15日のニューヨーク外国為替市場でドル円は反発。
終値は154.28円と前営業日NY終値(153.23円)と比べて1円05銭程度のドル高水準だった。
予想を上回る3月米小売売上高を手掛かりに全般ドル買いが先行。
米長期金利の指標となる米10年債利回りが一時4.6611%前後と昨年11月13日以来の高水準を記録したことも相場の支援材料となり、154.45円と1990年6月以来約34年ぶりの高値を更新した。

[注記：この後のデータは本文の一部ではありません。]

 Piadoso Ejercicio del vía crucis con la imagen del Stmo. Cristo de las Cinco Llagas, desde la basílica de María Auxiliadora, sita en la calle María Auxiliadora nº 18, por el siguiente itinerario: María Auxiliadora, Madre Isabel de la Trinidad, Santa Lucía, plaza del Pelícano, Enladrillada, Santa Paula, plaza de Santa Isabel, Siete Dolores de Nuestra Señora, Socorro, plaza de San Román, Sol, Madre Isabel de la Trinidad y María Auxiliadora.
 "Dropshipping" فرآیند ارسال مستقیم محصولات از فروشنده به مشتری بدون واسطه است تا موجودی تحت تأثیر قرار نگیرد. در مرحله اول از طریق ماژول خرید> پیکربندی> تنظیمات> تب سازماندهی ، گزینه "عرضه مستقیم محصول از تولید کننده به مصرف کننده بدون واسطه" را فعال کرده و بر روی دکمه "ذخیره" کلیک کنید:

中東情勢緊迫化への警戒感から一時400ドル超上昇したダウ平均が失速し320ドル超下落すると、ドル円にも売りが出て153.88円付近まで伸び悩む場面もあったが、下押しは限定的だった。
市場では「154円台に乗せたことで政府・日銀が円買い為替介入に動くとの警戒感が強まっている」との声も聞かれたが、結局154円台を維持して引けた。

なお、イスラエル戦時内閣はこの日、「明確に強力に」再報復する方針を決定。
イスラエルのガラント国防相は「イランへの報復以外に選択肢はない」と述べたうえ、「イスラエルによるイランへの報復は差し迫っている」との報道が伝わった。
イスラエルがイランに再報復の構えをみせており、中東の地政学リスクを巡る警戒が高まっている。

ユーロドルは4日続落。
終値は1.0624ドルと前営業日NY終値(1.0643ドル)と比べて0.0019ドル程度のユーロ安水準だった。
欧州中央銀行(ECB)の利下げ開始時期が近づいているとの見方が一段と強まる一方、米連邦準備理事会(FRB)による利下げ開始は想定より後にずれるとの観測が高まっており、欧米の金利差拡大への思惑からユーロ売り・ドル買いが出やすかった。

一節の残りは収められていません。